SNE: Preserve nearest neighbors in high-dimensional space by making them nearest neighbors in low-dimensional space.

Nonlinear dimensionality reductions seek to preserve these short-range distances, and so, unlike PCA or other linear approaches, is not biased toward preserving long-range distances. Thus, they more robustly cluster similar and dissimilar data points. One such approach is called stochastic neighbor embedding (SNE).

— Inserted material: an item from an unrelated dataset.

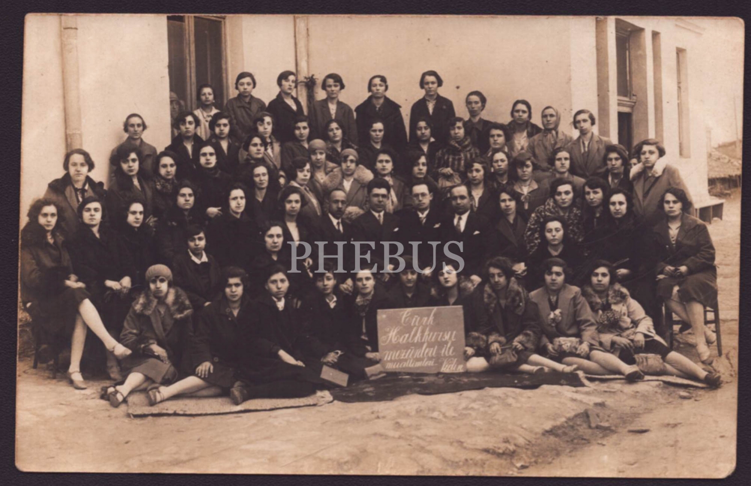"Türk Halk Kursu mezunları ile muallimleri - Vidin" yazılı kartonet önünde toplu hatıra fotoğrafı, 14x9 cm...

Model similarity with conditional probability.

In SNE, the similarity between points $x_j$ and $x_i$ is the conditional probability of picking $x_j$ having selected $x_i$, where the probability of picking a point is Gaussian distributed about $x_i$. (It may help to think of this in analogy to the proposal distribution we used in the MCMC samplers, where you were more likely to pick 'close' steps than 'far' steps.) The probability of selecting a nearby point is fairly high, but the probability of selecting any point significantly farther than $\sigma_i$, whether it is moderately close or very far away, is vanishingly small. Formally, this is written as:

\begin{align} \\ p_{j|i} = \frac{\mathrm{exp}\left( -\| x_i - x_j \|^2 / 2 \sigma_i^2 \right)}{\sum_{k \neq i}\mathrm{exp}\left( -\| x_i - x_k \|^2 / 2 \sigma_i^2 \right)} \end{align}

To preserve these nearest neighbors, we need a new distribution of points $\{y_1, ..., y_n\}$ that have similar conditional probabilities. Two points that were likely to be selected together in high-dimensional space ($x_i$ and $x_j$) must also be likely to be selected together in low-dimensional space ($y_i$ and $y_j$). We can also compute the conditional probabilities for points in low-dimensional space*:

\begin{align} \\ q_{j|i} = \frac{\mathrm{exp}\left( -\| y_i - y_j \|^2 \right)}{\sum_{k \neq i}\mathrm{exp}\left( -\| y_i - y_k \|^2\right)} \end{align}

Iterate to find an embedding $\{y_1, ..., y_n\}$ where the conditional probabilities of high and low dimensional space are most similar.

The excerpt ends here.